Spring break is for grading exams but also for skiing and movie-going. My bad judgment was to believe some of the good reviews garnered by The Adjustment Bureau. It's an inept movie that begins with a clever idea but cannot figure out where to go. The conceit, based on a Philip K. Dick story, is that there is a plan for each human, and that when any of us drifts from our plan, a small adjustment is administered by overworked angels (who circulate among us in 1960s’ fedoras and suits) in order to nudge us back on our intended paths. At the start, an angel falls asleep and misses the assigned moment to nudge Matt Damon away from a distracting Emily Blunt, and then our hero proves too headstrong to be nudged back to his path, which involves a rising political career. He discovers the existence and ways of the Adjustment Bureau and rebels against it, so that he and his not-so-intended might live happily ever after. At one point he asks a middle-management angel about the loss of free will and is told that "we" tried that with you guys for several long periods, but each time you botched it (most recently with world wars, depressions, and a holocausts), and so here we are.
The film is not without its charms.

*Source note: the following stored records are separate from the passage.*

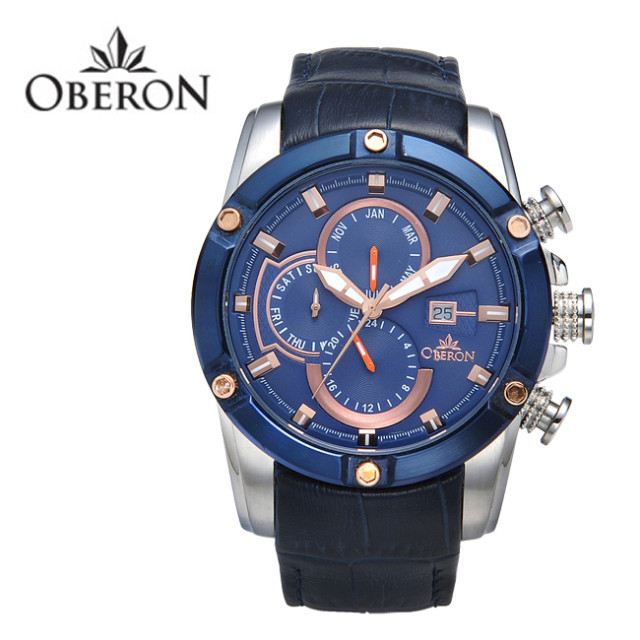 [OBERON] OB-912 STBL _ Fashion Business Men's Watches with Leather Watch, 5 ATM Waterproof, Chronograph Quartz Watch for Men, Auto Date
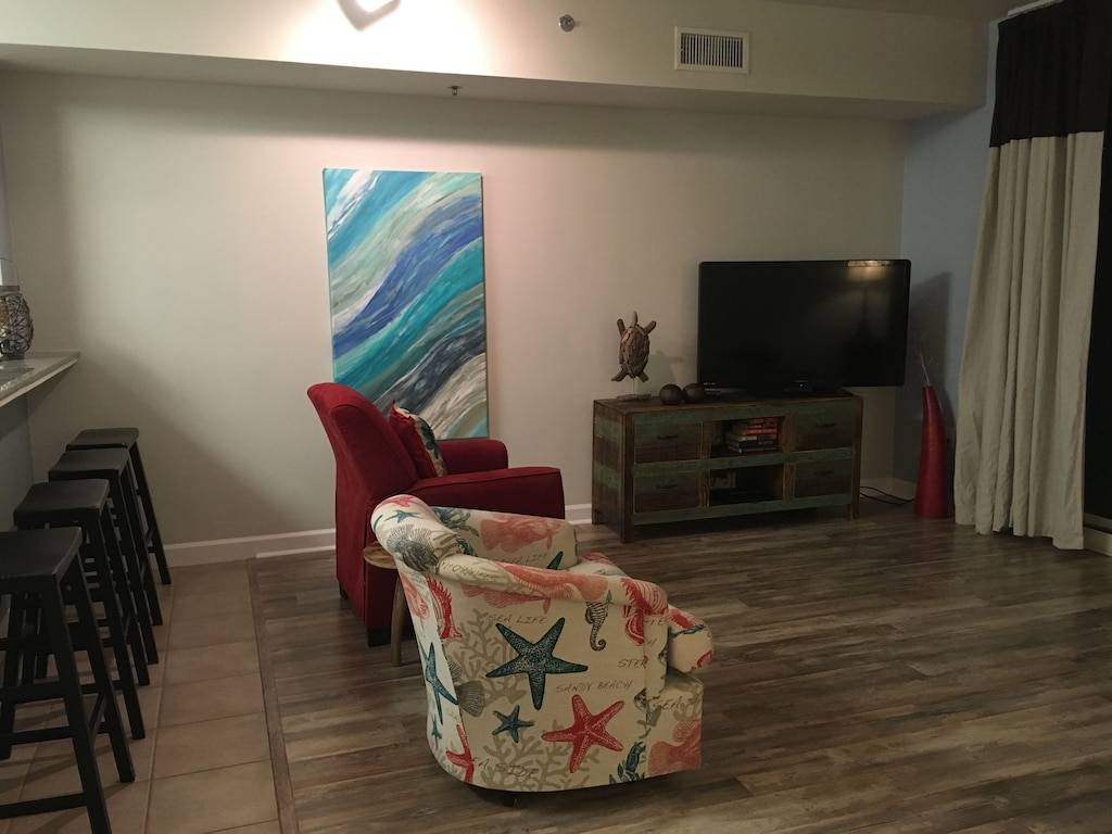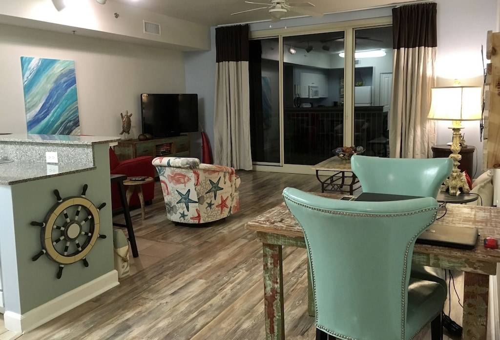 The Shores of Panama is one of the top resorts on the Gulf Coast. Our professionally decorated 5th floor unit is very clean and well kept as stated in several of the reviews by the families that stayed in the condo before. It is the largest of the 1 Master Bedroom/1 Bunk-Bed room/ 2 Bathroom floors plans. It has a balcony view to the ocean where you can enjoy the sunset and the resort pool.
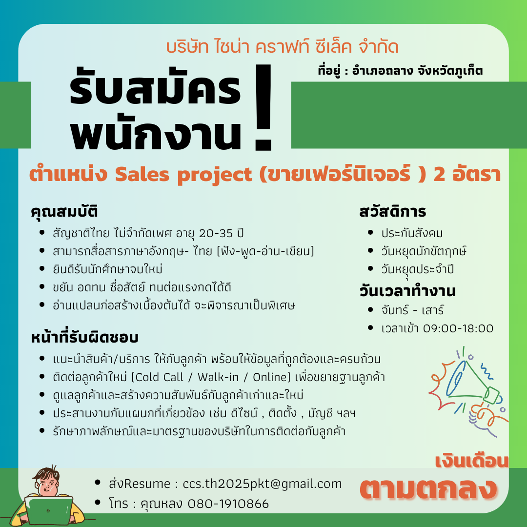 ประกาศรับสมัครพนักงาน Sales project (ขายเฟอร์นิเจอร์ ) จำนวน 2 อัตรา
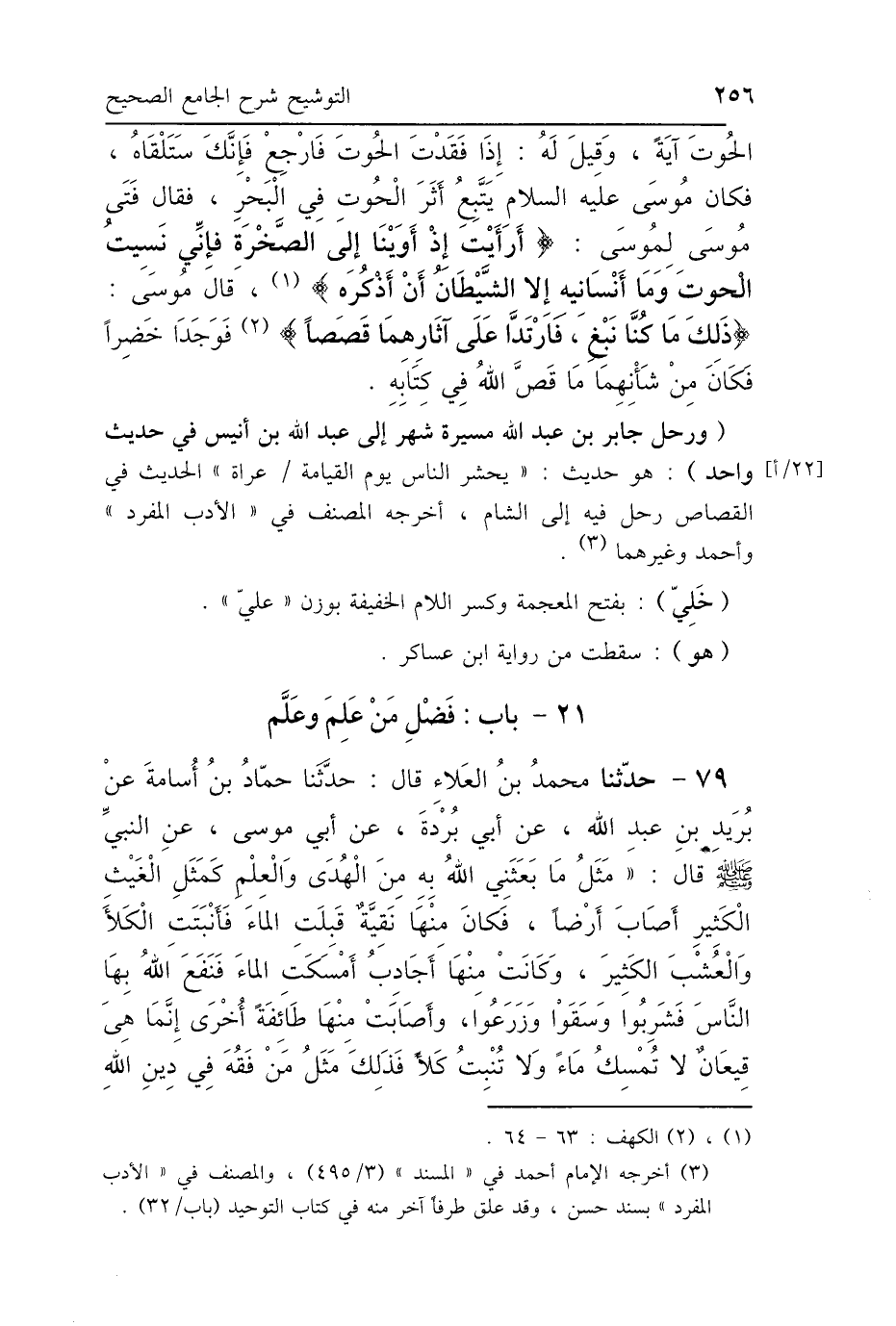 الحُوتَ آيَةً، وَقِيلَ لَهُ: إِذَا فَقَدْتَ الحُوتَ فَارْجِعْ، فَإِنَّكَ سَتَلْقَاهُ، فَكَانَ مُوسَى صَلَّى اللَّهُ عَلَيْهِ يَتَّبِعُ أَثَرَ الحُوتِ فِي البَحْرِ، فَقَالَ فَتَى مُوسَى لِمُوسَى: (أَرَأَيْتَ إِذْ أَوَيْنَا إِلَى الصَّخْرَةِ فَإِنِّي نَسِيتُ الحُوتَ وَمَا أَنْسَانِيهِ إِلَّا الشَّيْطَانُ أَنْ أَذْكُرَهُ)، قَالَ مُوسَى: (ذَلِكَ مَا كُنَّا نَبْغِي فَارْتَدَّا عَلَى آثَارِهِمَا قَصَصًا)، فَوَجَدَا خَضِرًا، فَكَانَ مِنْ شَأْنِهِمَا مَا قَصَّ اللَّهُ فِي كِتَابِهِ".
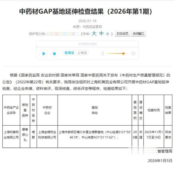 上海2026年1月22日--2026年1月19日,上海市药品监督管理局公布最新中药材GAP基地延伸检查结果,上海和黄药业有限公司(以下简称"上海和黄")与上海金蟾药业科技有限公司(以下简称"上海金蟾")共同建设的蟾酥生产基地正式通过延伸检查,成为上海首个动物药材GAP基地。
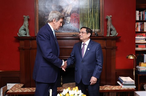 | Le Premier ministre vietnamien Pham Minh Chinh (droite) et l'envoyé spécial du président américain pour le climat John Kerry, le 14 mai à Boston (États-Unis). |
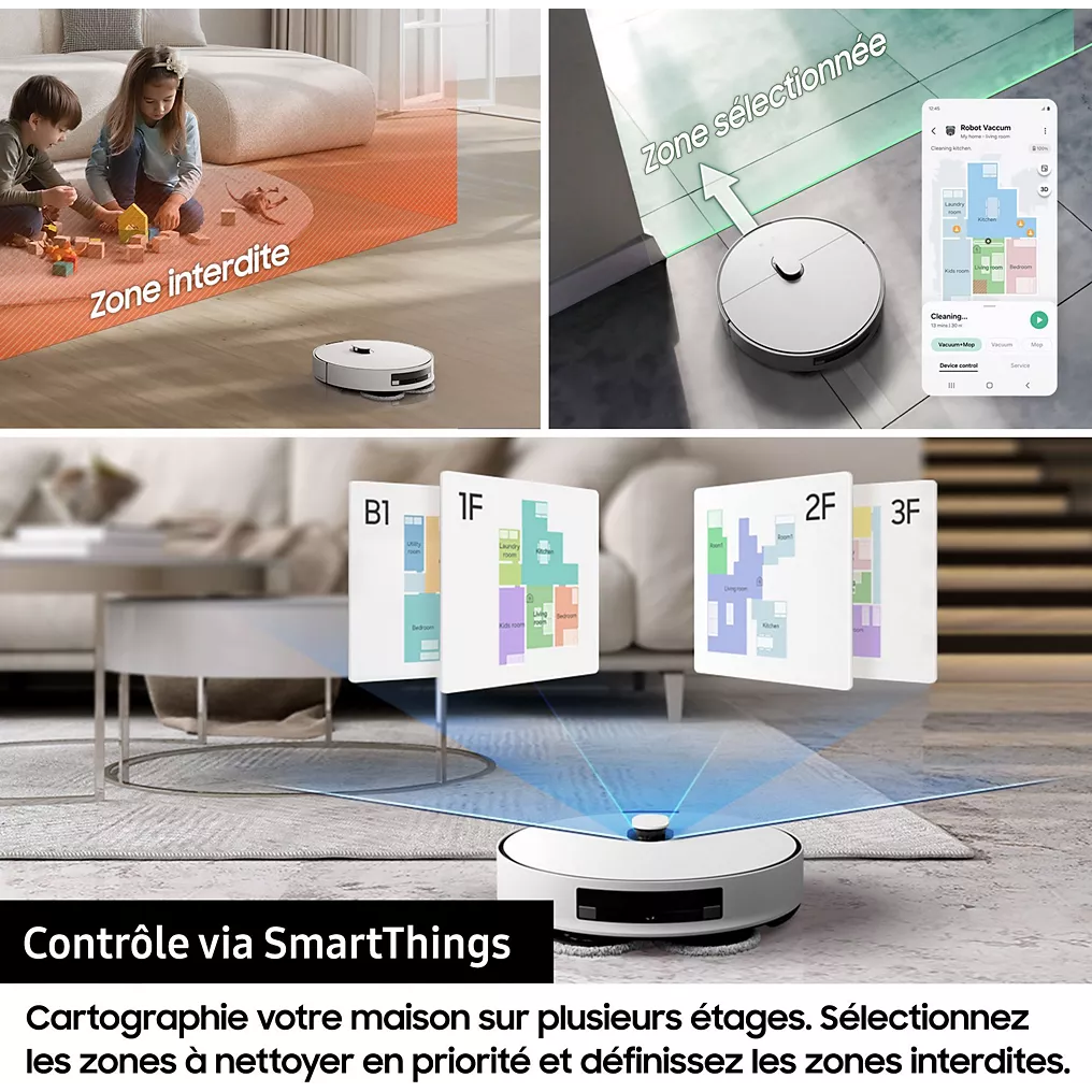 - Méthode de navigation : Cartographie 3D avec système de navigation personnalisable, zone spécifique à nettoyer, obstacles à éviter, trajectoire précise
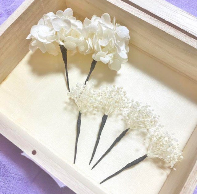 ハンドメイド髪飾りはお店でもヘアセットされたお客様にご提供しており、自分で作りました。
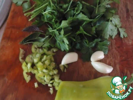 Для заправки порубить чеснок, зелень, горький перец. Перца положила половину, уж очень большой был.

The angels cannot function without their hats. I took this to be a cute joke about head coverings in some religions and bare heads in others. Indeed, an important angel wears a hat and a scarf - a fun tallit, or an even better, maniple joke. As the film wandered toward its predictable conclusion, I found myself wishing that Damon had asked a better question. Every observed adjustment was a mishap. The adjuster, or angel, tries to cause a coffee spill in order to get a character to head home. A dancer falls and sprains an ankle. Phone lines go dead. Damon is prevented from escaping by an administered trip in a parking garage, and he falls flat on his face. A car crash is summoned to prevent him from finding his love interest. We learn that his father and brother were killed in a car crash in order to adjust Damon's political career. Why, he might have asked, do you guys always use sticks instead of carrots? Why spilled coffees and car crashes instead of lucky coincidences, lottery winnings, and other goodies?
The larger, intellectual question about organized religions is why some encourage humans to fear higher power while others focus on rewards (and others a mix). The question is an important one for legal systems, and a rich academic literature puzzles over the use of subsidies and taxes, rewards and fines, and more. If the message of the movie had been that a system of behavior control that relies only on penalties is inferior to one that cleverly mixes penalties and rewards, after taking moral hazards and baseline considerations into account, then it might have been a worthy film.
And then there is the question of why we go to bad movies, and what might be done about that. Films are reviewed, by professionals and by acquaintances, but of course not everyone has the same taste as the reviewer. Netflix famously tackles this with its algorithm, recently improved in response to a substantial prize. It assumes, more or less, that each of us has different but fixed preferences. A quibble about that algorithm is that it is account-specific, rather than person-specific. A family rents movies and then rates the movies in order to help determine Netflix's recommendations for further rentals. Netflix uses the aggregated information to recommend movies to all its subscribers. The first point is that the system might be improved if different members of the household had different rating accounts. The second point is to puzzle over the difficulty of developing such algorithms and recommendations for movies while they are still in theaters. Netflix takes on the easier task of predicting tastes based on a very large number of observations – including the target movie itself. If many viewers submitted their ratings during the first weekend of a movie's run, it is possible that those who waited just a week (or one evening?) would learn a good deal about whether they would like the movie in question. Unfortunately, it is difficult to charge for such a service, and no studio or chain of theaters has much of an incentive to sponsor this pooling and application of information. But given the progress we are making with information markets, and smartphones as networking devices, we will get there one day.
Small correction: Netflix does have the feature you suggest. It's possible to create sub-accounts (Netflix calls them profiles) with independent queues and recommendations, and parcel out the subscription's rental privileges among them.
Netflix at one time planned to remove this feature, but decided not to do so after users complained.